PredefinedSplit(test_fold=array([ 0,  1, -1,  1]))
TRAIN: [1 2 3] TEST: [0]
TRAIN: [0 2] TEST: [1 3]


## [time series splits](https://scikit-learn.org/stable/modules/generated/sklearn.model_selection.TimeSeriesSplit.html#sklearn.model_selection.TimeSeriesSplit)
- variation of *k-fold* - the first _k_ folds are the training subset; _k+1_ fold is the test subset.
- Note that successive training sets are _supersets_ of those that came prior.

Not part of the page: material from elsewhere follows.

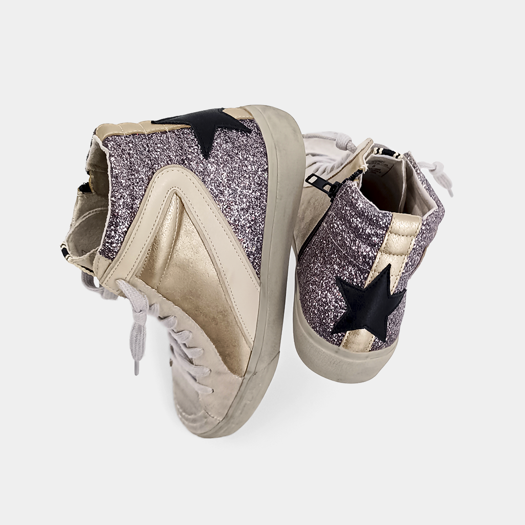 Nodding to vintage basketball sneakers, our ROONEY high-tops stand out for their unmistakable style and versatility. This pair is crafted from shimmering faux leather and glitter. Wear them with anything from skirts to track pants or tailoring.

It adds all surplus data to the first training partition.

In [23]:
# 3-split time series cross-validation, 6-sample dataset
from sklearn.model_selection import TimeSeriesSplit

X    = np.array([[1, 2], [3, 4], [1, 2], [3, 4], [1, 2], [3, 4]])
y    = np.array([1, 2, 3, 4, 5, 6])
tscv = TimeSeriesSplit(n_splits=3)
print(tscv)

for train, test in tscv.split(X):
    print("%s %s" % (train, test))

TimeSeriesSplit(max_train_size=None, n_splits=3)
[0 1 2] [3]
[0 1 2 3] [4]
[0 1 2 3 4] [5]


## Shuffling notes
- some splitters such as _kfold_ have an inbuilt option to shuffle data before splitting.
- this consumes less memory than direct shuffling.
- default: no shuffling occurs.
- ```random_state=None``` by default - shuffling will be different each time. set ```random_state``` to an integer to get repeated results.